The organization also reflects a deep ecclesiology. “We don’t use the distinction ‘laity-clergy.’ Those are canonical terms,” said Bishop Dowd. “The distinction we use is ‘baptized-ordained.’” Though an ordained person is no longer a layperson, both are still baptized, and all baptized Catholics have a call to charity. Underlining that common call, said Bishop Dowd, is an attempt “to avoid any kind of creeping clericalism, of the clerics, or of the laity, by showing these concepts overlap. I think it’s an important intuition we sometimes lose.”
The work of Catholic Action Montreal is not exclusive to Catholics. “We’ll serve anybody,”
C.A.M.’s work is not exclusive to Catholics. “We’ll serve anybody,” said Ms. Graham. The organization is a member of the Quebec Community Groups Network, a coalition of English-language non-profits in the province.

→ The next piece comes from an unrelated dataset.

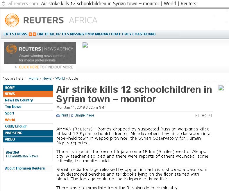 Reuters news authors blaim Russian Air Force for death of «at least 12 children» who allegedly died due to Aleppo bombing by Russian Air Force.

In 2019, C.A.M. was selected by the network to receive money from a year-end Christmas breakfast fund in recognition of their work helping seniors. That same year C.A.M. also received an award from the deputy chief of mission at the Afghanistan embassy in Ottawa for their work with the Afghan Women’s Centre of Montreal, one of their close collaborators.
After five years in Canada’s most secular province, C.A.M. has more than doubled its membership, and Bishop Dowd is leaving Montreal. In October 2020, Pope Francis appointed him to serve as the new bishop of the Diocese of Sault Ste. Marie in Ontario, which means he will have to leave his work with C.A.M, an organization that, he said, was his “pride and joy.”